The DOE has also failed more directly to meet the spirit if not the letter of its public process obligations, according to IEER. The documents submitted to the DOE by the bidding consortia were kept secret, and only a summary of environmental impacts will be published in the Final Programmatic Environmental Impact Statement (PEIS). No reactor-specific information was provided in the Draft PEIS. Furthermore, communities living around the Catawba, McGuire, and North Anna nuclear power plants, which have been chosen for MOX irradiation, have not had a chance to make comments: the DOE failed to hold public hearings in these communities, despite requests that it do so.

The contract announcement is also made inappropriate by the fact that the DOE has not yet released a Record of Decision affirming that it will pursue its preferred “dual-track option” for plutonium disposition. “This process is backwards,” said Anita Seth, IEER’s global outreach coordinator. “The DOE is making a mockery of the NEPA process by awarding a contract before it has issued a Record of Decision (ROD).

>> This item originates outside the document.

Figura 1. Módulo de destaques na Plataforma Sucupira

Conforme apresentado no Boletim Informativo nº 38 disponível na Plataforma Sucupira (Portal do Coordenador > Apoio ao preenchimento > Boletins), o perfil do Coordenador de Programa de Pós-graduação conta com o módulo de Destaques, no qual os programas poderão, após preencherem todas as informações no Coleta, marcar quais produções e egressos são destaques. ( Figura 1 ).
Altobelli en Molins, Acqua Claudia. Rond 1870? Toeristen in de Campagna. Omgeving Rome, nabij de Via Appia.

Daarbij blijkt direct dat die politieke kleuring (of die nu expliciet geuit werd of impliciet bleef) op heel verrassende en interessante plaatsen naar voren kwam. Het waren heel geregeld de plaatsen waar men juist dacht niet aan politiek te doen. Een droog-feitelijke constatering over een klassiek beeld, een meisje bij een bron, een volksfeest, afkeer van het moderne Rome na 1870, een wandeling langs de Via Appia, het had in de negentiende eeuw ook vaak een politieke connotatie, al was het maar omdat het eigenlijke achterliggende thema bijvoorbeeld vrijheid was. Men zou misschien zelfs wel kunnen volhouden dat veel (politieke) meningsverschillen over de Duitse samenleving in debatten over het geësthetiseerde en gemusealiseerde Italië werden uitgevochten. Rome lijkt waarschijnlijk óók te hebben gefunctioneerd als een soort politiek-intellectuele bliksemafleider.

MOX is an undesirable option, but if the DOE is going to proceed, it should not do so before demonstrating some prudence and a sound public information process.”

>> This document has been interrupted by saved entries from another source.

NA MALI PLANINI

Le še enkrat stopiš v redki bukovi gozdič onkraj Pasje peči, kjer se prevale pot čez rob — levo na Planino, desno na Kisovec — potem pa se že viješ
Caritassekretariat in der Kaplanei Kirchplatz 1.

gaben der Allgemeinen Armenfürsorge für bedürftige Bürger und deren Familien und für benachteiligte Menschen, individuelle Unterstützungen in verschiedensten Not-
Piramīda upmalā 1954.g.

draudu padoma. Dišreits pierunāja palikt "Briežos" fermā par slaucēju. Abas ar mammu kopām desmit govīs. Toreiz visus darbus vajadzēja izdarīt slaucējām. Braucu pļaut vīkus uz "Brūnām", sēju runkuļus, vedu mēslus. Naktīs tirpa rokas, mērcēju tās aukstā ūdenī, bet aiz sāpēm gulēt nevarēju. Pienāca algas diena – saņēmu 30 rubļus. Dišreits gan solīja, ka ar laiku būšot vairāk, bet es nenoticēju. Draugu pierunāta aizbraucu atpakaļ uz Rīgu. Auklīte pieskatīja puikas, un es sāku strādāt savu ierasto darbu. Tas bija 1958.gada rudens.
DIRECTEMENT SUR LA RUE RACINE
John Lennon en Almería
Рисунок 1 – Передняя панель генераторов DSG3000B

According to IEER, the following steps should be undertaken before letting COGEMA proceed with a MOX contract:

  • the DOE should hold hearings in the areas of the Southeast that will be affected by a MOX program and in Washington, DC on all relevant issues, including the home-country records of COGEMA.
  • the DOE should examine in detail the home-country records of all members or subcontractors of the consortium before it completes the Final PEIS and issues the ROD.

The DOE’s haste in granting a contract is unwarranted given that the US has not yet completed an agreement on principles for plutonium disposition with Russia, a prerequisite to beginning facility construction. Parallel progress in Russia has been cited by Congress as a necessary condition for the release of major funding for a disposition program. Uncertainties about financing, technical obstacles posed by the limited number and the age of reactors in Russia, and continuing disagreements over the use of the MOX program for the future commercialization of plutonium have plagued US-Russian discussions. Regulation and safety issues surrounding the use of MOX in Russian light water reactors are as yet unresolved, as is the question of who would bear liability for an accident in Russia, should one occur as a result of a US-sponsored program.

“Security of plutonium from diversion or theft is the primary goal of a disposition program. This is particularly important in Russia, where economic and political instability are increasing threats. The US government should be focussing on developing sound disposition options with Russia, rather than hurrying down a MOX path,” said Dr. Makhijani.

IEER is a non-profit organization in Takoma Park, Maryland that provides the public and policy-makers with clear, thoughtful studies on a variety of energy and environmental issues.